From first date to first interview and everything in between – the stress of making a good first impression is all too real. Even for the most social butterflies, meeting someone new can so often be stressful. We want to be charming, friendly and witty, but can never be quite sure how our new acquaintance will view us. However, if you think you have no control over the first impression you’re making, think again! Read on for five simple ways to put your best foot forward and make a great (and lasting) impression.
Dress to impress.
Wear the outfit that makes you feel amazing, no double-stick tape, safety pins, yanks or tugs necessary. The outfit you can walk in, dance in, breathe in – even after the dessert course. There’s nothing quite like the perfect outfit to keep your confidence soaring, but keep in mind: comfort is key. Opt for a comfortable shoe, save your toes the blisters, and plan to wear those 4-inch block heels on the second date.
Watch your body language.
It’s probably no surprise that our body language often speaks louder than our words. Think about what types of body language rub you the wrong way when you’re on the receiving end. For example, no one likes to be mid-conversation with someone only to catch them glancing over your shoulder, checking their email or peeking at the time. When meeting someone new, remember to be present. And perhaps keep your phone tucked in your purse.

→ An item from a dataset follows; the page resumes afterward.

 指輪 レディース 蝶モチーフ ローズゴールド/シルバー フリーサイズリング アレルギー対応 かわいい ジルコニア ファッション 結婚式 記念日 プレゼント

Make purposeful small talk.
Show of hands: how many of you have been in a conversation with someone new and unavoidably turned to fail-safe small talk? (Guilty as charged.) The moment you both run out of things to say, most of us automatically fill the uncomfortable silence with commentary on the food or weather. Consider turning the conversation instead to more personal topics, like a favorite movie they’ve seen lately or what they enjoy doing on the weekends. Then…
Ask questions that matter, encourage them to elaborate, let them know you’re listening – and then, of course, actually listen. Having a genuine curiosity about another person’s life gives them the confidence to open up a bit more. And on the other end, make sure your own responses are more than just bare bones. Don’t just answer what you do for a living. Share why you chose that career, the people you enjoy working with; maybe even ask for advice. Giving them a few personal details of your own will open the door to a more meaningful conversation. Just try to remember the two big don’t’s here: no complaining, and no over-sharing. This is only the first impression, after all.
Relax and remember: you’re probably not the only one who’s anxious.
Chances are, whoever is on the other side of the table is just as nervous as you. So be yourself, break out a smile, and have confidence in the fact that first impression anxiety comes from both sides. If you’re comfortable, you will definitely make the other person more comfortable. And one surefire way to leave a good impression is to leave them feeling good about themselves!